Goal of the exercise: Report how many lines below contain the word "working", and give only that number.

Material provided:
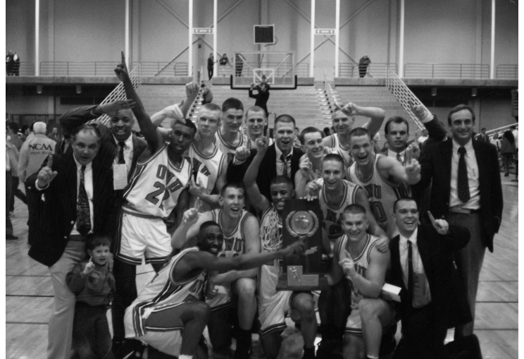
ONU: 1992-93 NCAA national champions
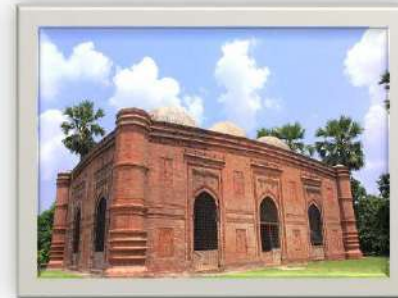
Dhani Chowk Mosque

...

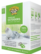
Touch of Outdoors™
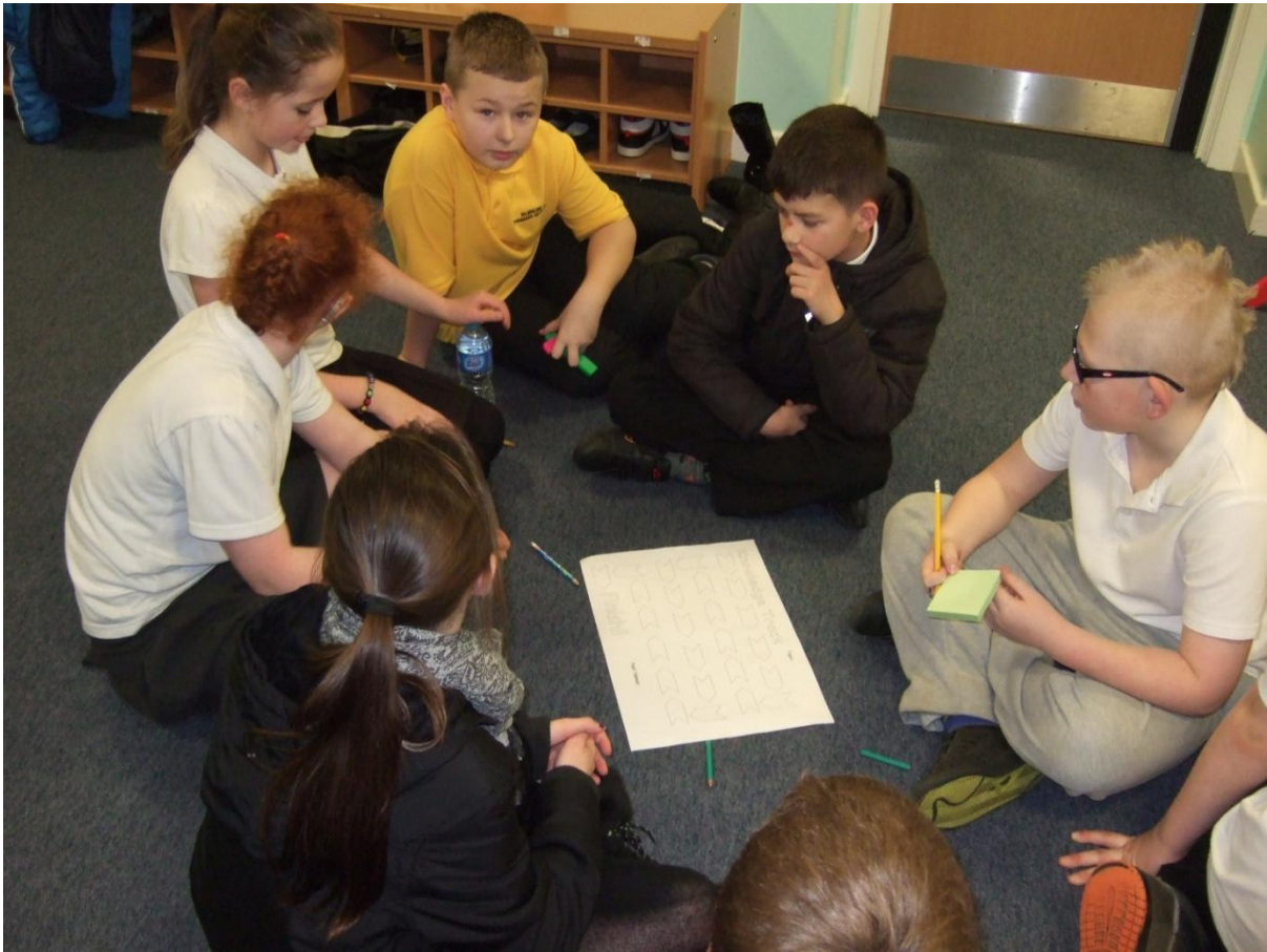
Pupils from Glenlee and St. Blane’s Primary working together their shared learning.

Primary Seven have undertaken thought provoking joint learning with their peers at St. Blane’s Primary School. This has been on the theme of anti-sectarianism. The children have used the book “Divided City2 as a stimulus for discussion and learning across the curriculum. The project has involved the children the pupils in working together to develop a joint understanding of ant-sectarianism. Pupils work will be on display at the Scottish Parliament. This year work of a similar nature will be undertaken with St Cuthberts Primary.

Answer to this task: 2